Problem requirements:
What is needed here is each entry reproduced exactly, without its pictures.
****************
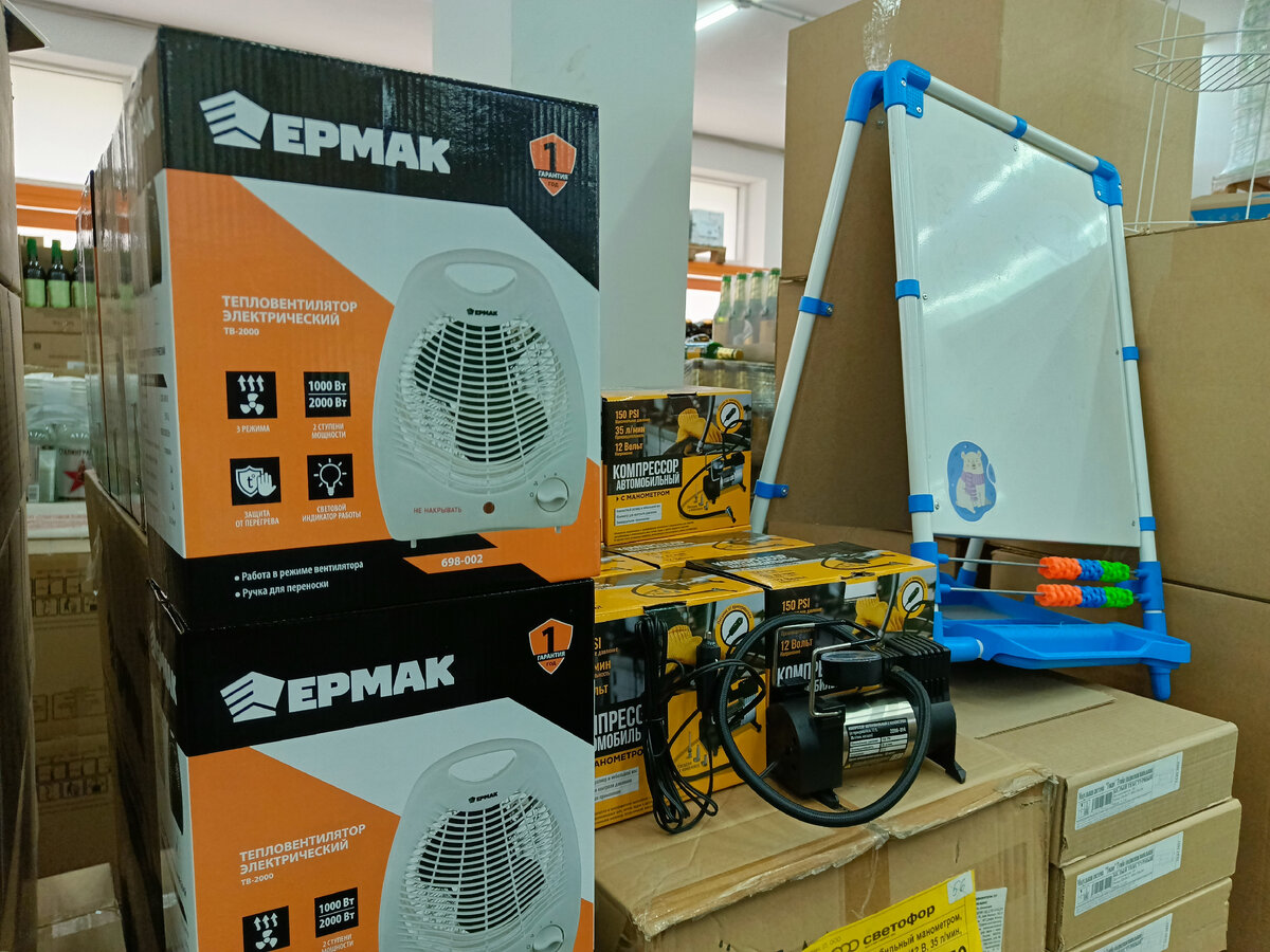 У нас в городе два "Светофора" и оба находятся почти в разных концах города. Но это не мешает покупателям и стоянка для автомобилей почти всегда полная, ведь все всегда хотят немного сэкономить. Постоянное обновление товаров и невысокие цены в магазине, притягивают к себе всё больше покупателей. И в этом обзоре, делюсь с вами увиденным в "Светофоре" города Крымск. Тепловентилятор "Ермак" мощностью 2000 ватт, с 3 режимами работы и защитой от перегрева. Цена 1078 рублей. Портативная акустическая колонка Velton с LED подсветкой, мощностью 8 ватт, с USB и SD разъёмом, FM-радио и функцией bluetooth. Цена 571 рубль. Компрессор с манометром для легковых автомобилей и 3 насадками, для подкачки мячей и надувных матрасов. Цена 717 рублей. Стеклянный набор из кувшина с крышкой и 6 стаканов объёмом 230 мл. Цена 464 рубля. Женская бритва Top Beauty с плавающими лезвиями и дополнительными кассетами из 19 штук. Цена 248 рублей. Гель для душа "Сто рецептов красоты" с экстрактом кофе, в бутылке 385 мл.
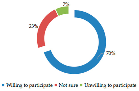 As shown in Figure 4, up to 70% of the residents expressed their willingness to participate in tourism development in Zhujiajiao ancient town. They are eager to get more rights to make decisions on tourism development and are willing to contribute to ancient towns’ construction. Only 7% of the respondents were reluctant to participate in community tourism, and 23% of the residents were not sure about it. From these data, it can be seen that residents of Zhujiajiao ancient town have a greater willingness to participate in local tourism development. Government and relevant departments should develop further strategies for the psychological and political empowerment for residents who have not expressed their support for community participation in tourism.
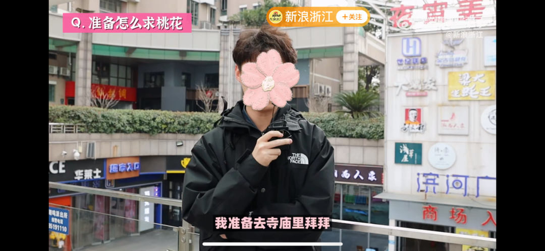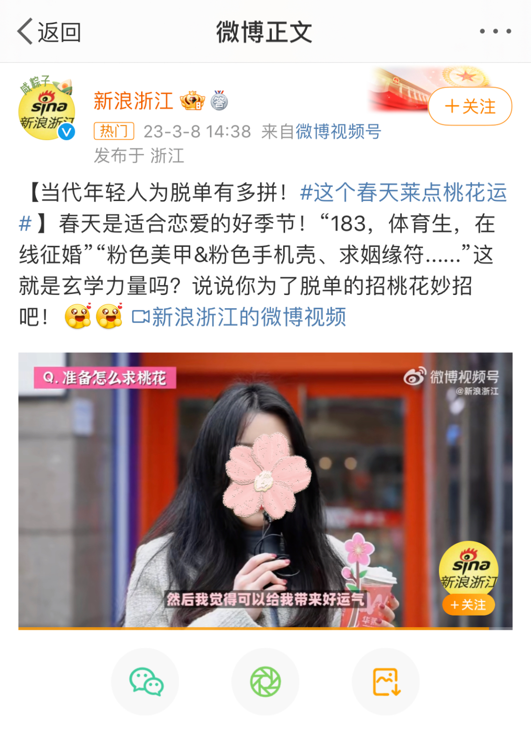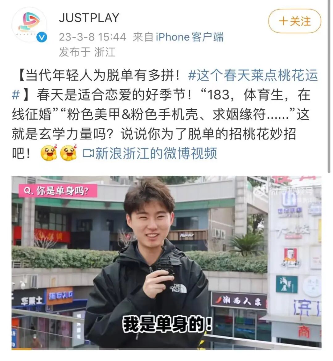 同时发起话题#这个春天莱点桃花运#,用开头的街采视频带动话题传播。@新浪浙江 @JUSTPLAY @微博蓝朋友 @微博品牌号 等蓝V联动助推视频破圈,引导用户畅聊招桃花大法,正式开启玄学营销。
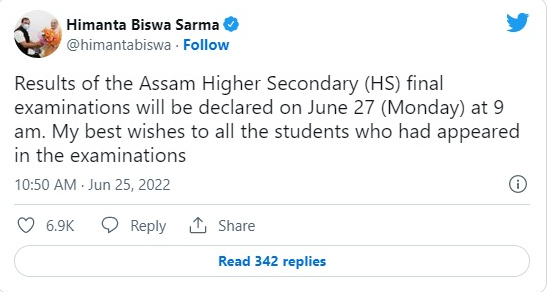 Assam Chief Minister, Himanta Biswa Sarma has announced Assam AHSEC result 2022 time and date via Twitter.
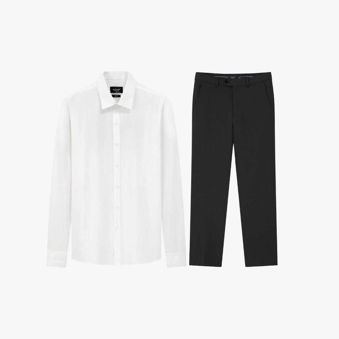Combo Áo Sơ Mi Dài Tay Và Quần Âu Đen Cao Cấp 9SMDB547 – 9QAUB536
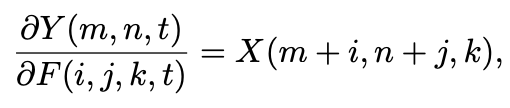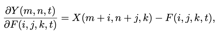 神经网络利用反向传播来计算滤波器的梯度和随机梯度下降来更新参数。在CNN中,输出特征Y相对于滤波器F的偏导数被计算为:
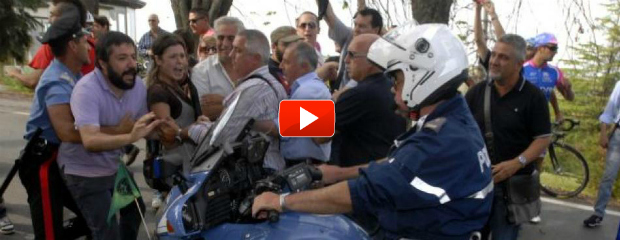 Elicotteri della Polizia che sorvolano in cerchi i punti “caldi” delle contestazioni. Camionette di Polizia e Carabinieri a presidiare ogni angolo della tappa e agenti infiltrati che cercano di sedare sul nascere le proteste. Salsomaggiore terme, meta della terza tappa del Giro di Padania, si è trasformato in un fortino per cercare di evitare- o, per lo meno, di circoscrivere- le manifestazioni di protesta che contraddistinguono ormai ogni tappa del tour ciclistico in salsa padana.
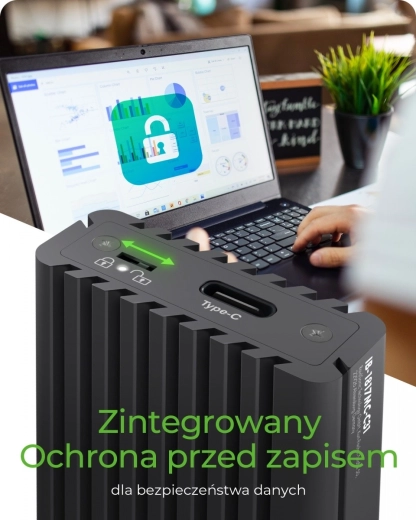 Precizno obrađeno aluminijsko kućište s rebrima zajedno s unutarnjim hladnjakom i termalnom podlogom učinkovito odvodi toplinu za stabilne performanse bez throttlinga. Praktični prekidač zaštite od pisanja štiti vaše podatke, a LED dioda jasno signalizira rad i pristup disku. U pakiranju su kabeli za USB‑C i USB‑A, pa ste spremni za svaki priključak.
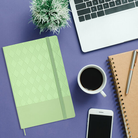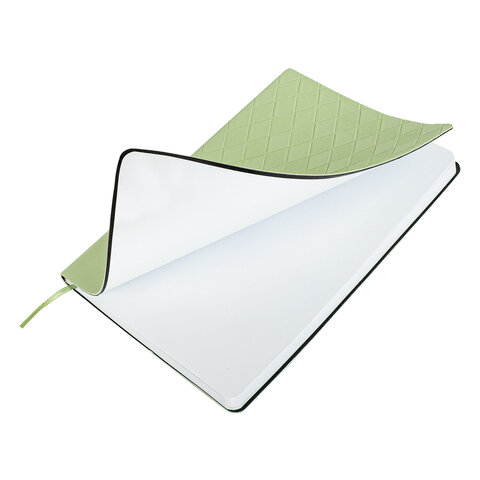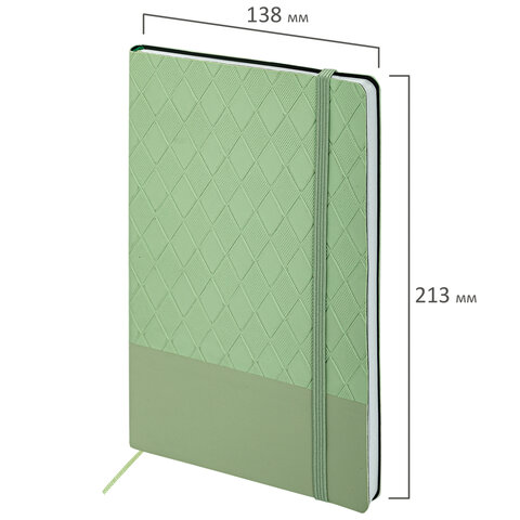 Блокнот А5 138x213 мм, BRAUBERG "Tissage", под кожу, 80 л., резинка, клетка, оливковый, 116602
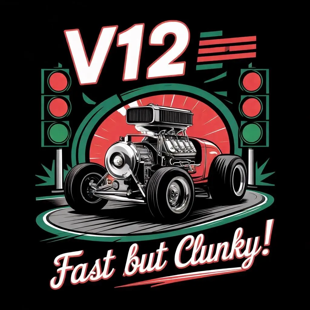 Create retro-inspired vector t-shirt designs with bold "V12" text, dynamic race track jalopy scenes, and playful "Fast but Clunky!" script. Enhanced by vibrant traffic light accents and humor-driven AI tools for eye-catching automotive-themed graphics. Perfect for quirky, professional-grade apparel art. #Vector #Design
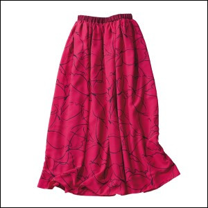 艶やかに、しなやかに・・・柄と素材の美しさを活かした大人の余裕が漂う華やかさ一見、お花のように見える大柄プリントは、実は蝶々。あえてふんわりギャザースカートで、柄を崩し洗練度をアップ。リュクスな装いを叶えるスカートながら、サテン地で切り替えたウエストゴムで楽にはける仕様にしました。
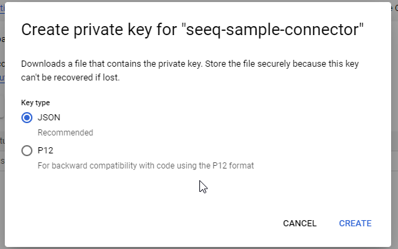 The Create private key dialog displays. Choose JSON and click CREATE.
****************
Task result:
 У нас в городе два "Светофора" и оба находятся почти в разных концах города. Но это не мешает покупателям и стоянка для автомобилей почти всегда полная, ведь все всегда хотят немного сэкономить. Постоянное обновление товаров и невысокие цены в магазине, притягивают к себе всё больше покупателей. И в этом обзоре, делюсь с вами увиденным в "Светофоре" города Крымск. Тепловентилятор "Ермак" мощностью 2000 ватт, с 3 режимами работы и защитой от перегрева. Цена 1078 рублей. Портативная акустическая колонка Velton с LED подсветкой, мощностью 8 ватт, с USB и SD разъёмом, FM-радио и функцией bluetooth. Цена 571 рубль. Компрессор с манометром для легковых автомобилей и 3 насадками, для подкачки мячей и надувных матрасов. Цена 717 рублей. Стеклянный набор из кувшина с крышкой и 6 стаканов объёмом 230 мл. Цена 464 рубля. Женская бритва Top Beauty с плавающими лезвиями и дополнительными кассетами из 19 штук. Цена 248 рублей. Гель для душа "Сто рецептов красоты" с экстрактом кофе, в бутылке 385 мл.
 As shown in Figure 4, up to 70% of the residents expressed their willingness to participate in tourism development in Zhujiajiao ancient town. They are eager to get more rights to make decisions on tourism development and are willing to contribute to ancient towns’ construction. Only 7% of the respondents were reluctant to participate in community tourism, and 23% of the residents were not sure about it. From these data, it can be seen that residents of Zhujiajiao ancient town have a greater willingness to participate in local tourism development. Government and relevant departments should develop further strategies for the psychological and political empowerment for residents who have not expressed their support for community participation in tourism.
 同时发起话题#这个春天莱点桃花运#,用开头的街采视频带动话题传播。@新浪浙江 @JUSTPLAY @微博蓝朋友 @微博品牌号 等蓝V联动助推视频破圈,引导用户畅聊招桃花大法,正式开启玄学营销。
 Assam Chief Minister, Himanta Biswa Sarma has announced Assam AHSEC result 2022 time and date via Twitter.
Combo Áo Sơ Mi Dài Tay Và Quần Âu Đen Cao Cấp 9SMDB547 – 9QAUB536
 神经网络利用反向传播来计算滤波器的梯度和随机梯度下降来更新参数。在CNN中,输出特征Y相对于滤波器F的偏导数被计算为:
 Elicotteri della Polizia che sorvolano in cerchi i punti “caldi” delle contestazioni. Camionette di Polizia e Carabinieri a presidiare ogni angolo della tappa e agenti infiltrati che cercano di sedare sul nascere le proteste. Salsomaggiore terme, meta della terza tappa del Giro di Padania, si è trasformato in un fortino per cercare di evitare- o, per lo meno, di circoscrivere- le manifestazioni di protesta che contraddistinguono ormai ogni tappa del tour ciclistico in salsa padana.
 Precizno obrađeno aluminijsko kućište s rebrima zajedno s unutarnjim hladnjakom i termalnom podlogom učinkovito odvodi toplinu za stabilne performanse bez throttlinga. Praktični prekidač zaštite od pisanja štiti vaše podatke, a LED dioda jasno signalizira rad i pristup disku. U pakiranju su kabeli za USB‑C i USB‑A, pa ste spremni za svaki priključak.
 Блокнот А5 138x213 мм, BRAUBERG "Tissage", под кожу, 80 л., резинка, клетка, оливковый, 116602
 Create retro-inspired vector t-shirt designs with bold "V12" text, dynamic race track jalopy scenes, and playful "Fast but Clunky!" script. Enhanced by vibrant traffic light accents and humor-driven AI tools for eye-catching automotive-themed graphics. Perfect for quirky, professional-grade apparel art. #Vector #Design
 艶やかに、しなやかに・・・柄と素材の美しさを活かした大人の余裕が漂う華やかさ一見、お花のように見える大柄プリントは、実は蝶々。あえてふんわりギャザースカートで、柄を崩し洗練度をアップ。リュクスな装いを叶えるスカートながら、サテン地で切り替えたウエストゴムで楽にはける仕様にしました。
 The Create private key dialog displays. Choose JSON and click CREATE.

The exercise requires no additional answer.